|The Yellamma Cult||.|
The Yellamma Cult
by K. L. Kamat
In southern parts of India, Goddess Yellamma is known for her abundance strength. She is also known as Jogamma, Holiyyamma, Renuka and by other such names. Her temples are located at Soudathi in Belgaum district, Chandraguthi in Shimoga district and Hulgi in Bellary district of Karnataka State. In neighboring states like Maharashtra and Andhra Pradesh there are innumerable devotees of this Goddess.

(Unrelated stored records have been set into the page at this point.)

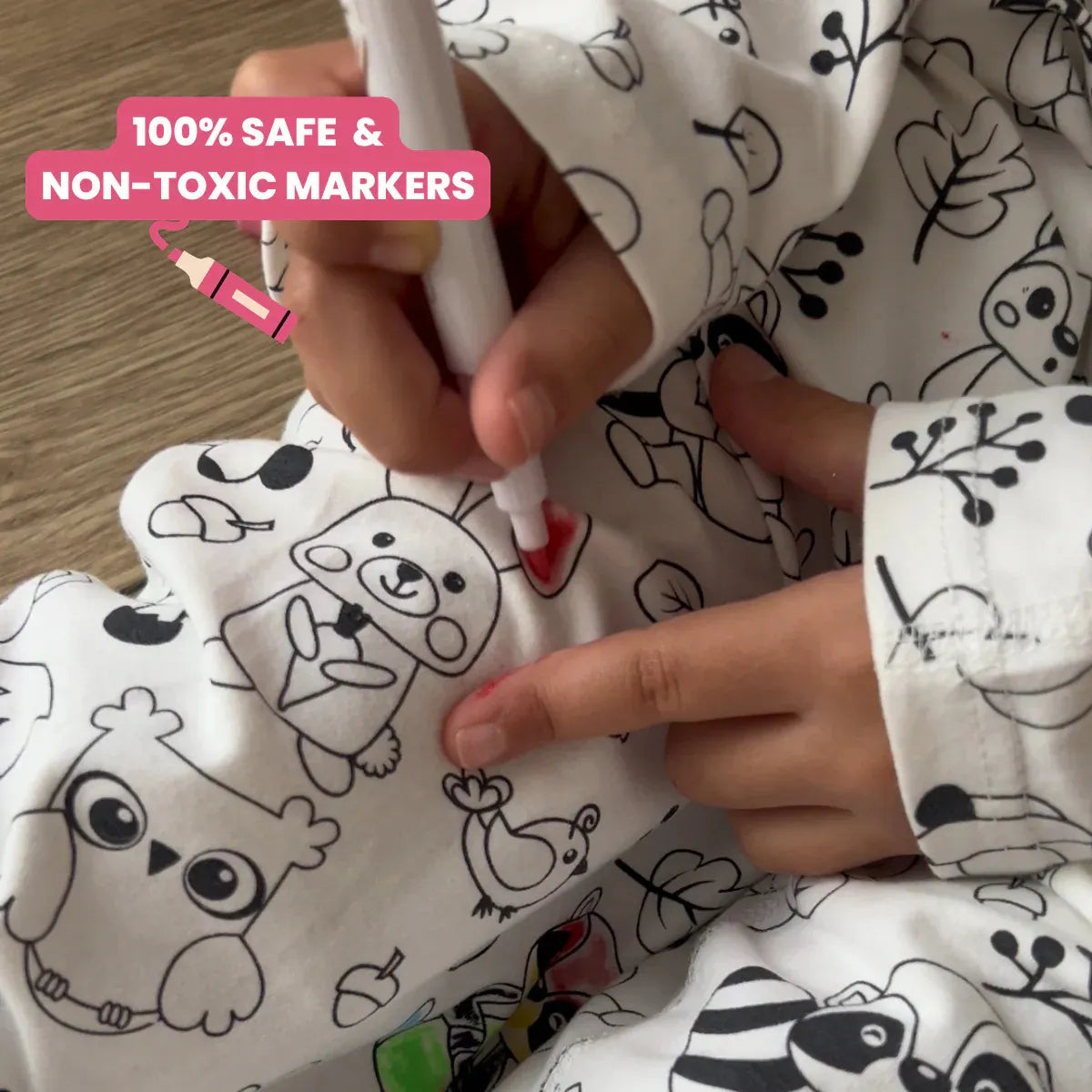 Machen Sie die Schlafenszeit zu einem magischen und kreativen Erlebnis, bei dem Ihr Kind einen kuscheligen und farbenfrohen Schlafanzug bekommt.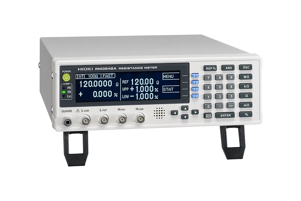 Los medidores de resistencia de CC de Hioki miden una amplia gama de valores de resistencia con un alto nivel de precisión. El RM3542A ofrece mediciones de alta velocidad y alta estabilidad y una productividad mejorada al minimizar las variaciones y reducir los errores de contacto. Además, la tecnología de medición de bajo impacto le permite medir la resistencia de piezas electrónicas en miniatura de tamaño 008004.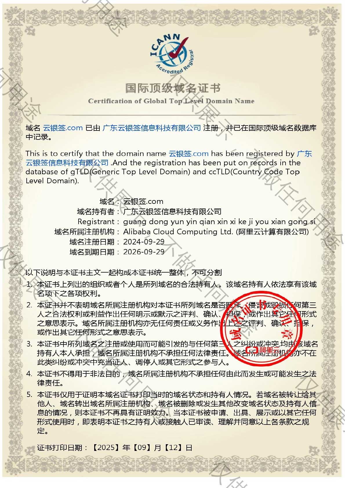 广东云银签信息科技有限公司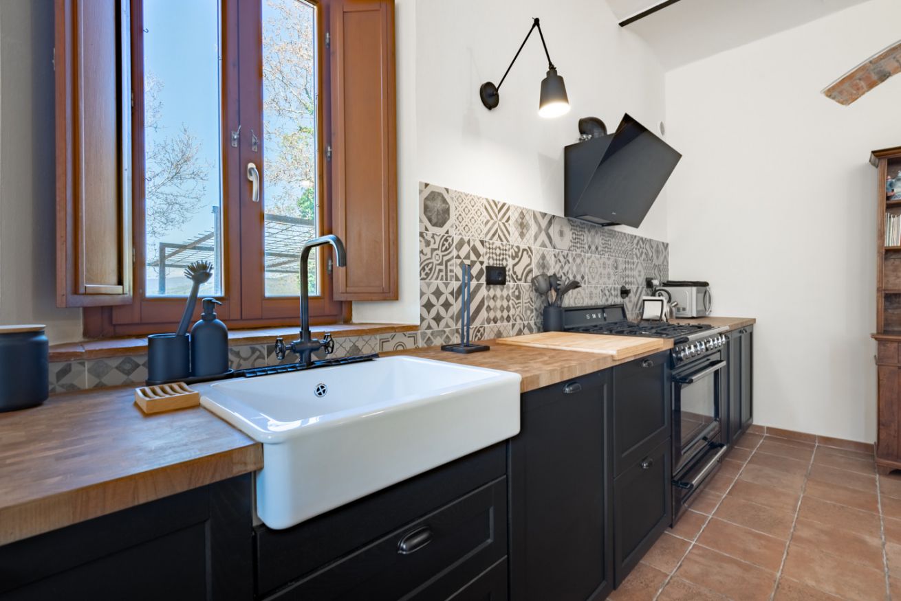 La cucina, completamente attrezzata con elettrodomestici moderni, offre la possibilità di preparare deliziose pietanze utilizzando i prodotti locali freschi reperibili nelle vicine botteghe e mercati. A disposizione il piano cottura, il forno, la lavastoviglie, il bollitore, il tostapane, il frigorifero con funzione freezer ed un set completo per gli ospiti (utensili, pentole, padelle, posate, piatti, bicchieri, tazze, tazzine).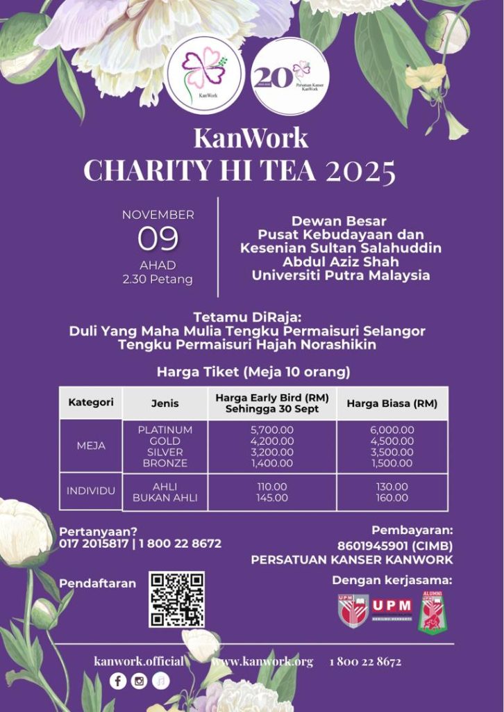 Persatuan Kanser KanWork akan mengadakan majlis minum petang;
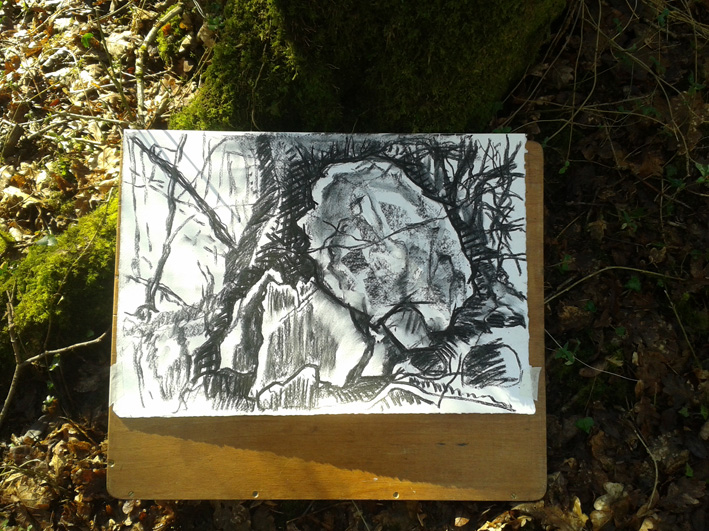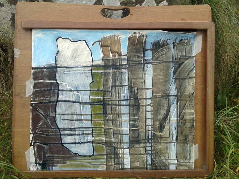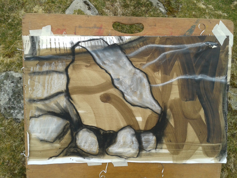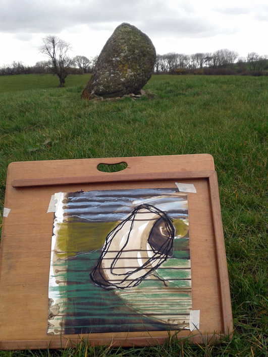 There are some stones on farmland, we always asked permission from farmers and followed the countryside code and in the majority of cases we were well received. Working en plein air is really good exercise, artistically and physically.

History of the Deccan tells us that the ritual of temple women (or devadasis) was well established by the 10th century A.D. The Devadasis were invariably women, typically resided in the temples, and were educated as artists and courtesans. It is not clear if the Yellamma cult has its roots in the Devadasi tradition. There are many stories about the origin of the Yellamma cult. The most prevalent one says that Renuka was the daughter of a Brahmin, married to sage Jamadagni and was the mother of five sons. She used to bring water from the river Malaprabha for the sage's worship and rituals. One day while she was at the river, she saw a group of youths engaged themselves in water sports and forgot to return home in time which made Jamadagni to suspect her chastity. He ordered his sons one by one to punish their mother but four of them refused on one pretext or the other. The sage cursed them to become eunuchs and got her beheaded by his fifth son, Parashuram. To everybody's astonishment, Renuka's head multiplied by tens and hundreds and moved to different regions. This miracle made her four eunuch sons and others to become her followers, and worship her head.
© K. L. Kamat
The followers of Yellamma, who are mostly poor, and illiterate, take an vow to dedicate themselves, their spouses, or their children in the service of Goddess Yellamma when they are unable to face the hardships of life. The typical situations include life-threatening diseases, infertility, and dire financial troubles. These are the people who are primarily responsible for propagating Goddess Yellamma's virtues and achievements and glorify the Goddess. An elaborate ceremony is held in order to initiate the Jogathis (female) and Jogappa (male) volunteers in the service of Goddess Yellamma. New followers have to bathe in three holy ponds and proceed to the head priest accompanied by community elders and other members of the family. The priests give them a long sermon on what they have to do please Yellamma. They have to identify themselves with the very poor and unfortunate ones and serve the society. At least twice a year they have to visit the Yellamma shrine on full moon days to express and confirm their obedience. During this semi-annual ritual, they have to observe preferably total nudity. If not, they have to cover their bodies with Neem foliage or scanty clothes. Such rituals, especially in the last decade, have become heavily publicized events due to the oversexed youngsters and tourists who gather around such pilgrimage centers to have glimpses of nude and semi-nude human bodies.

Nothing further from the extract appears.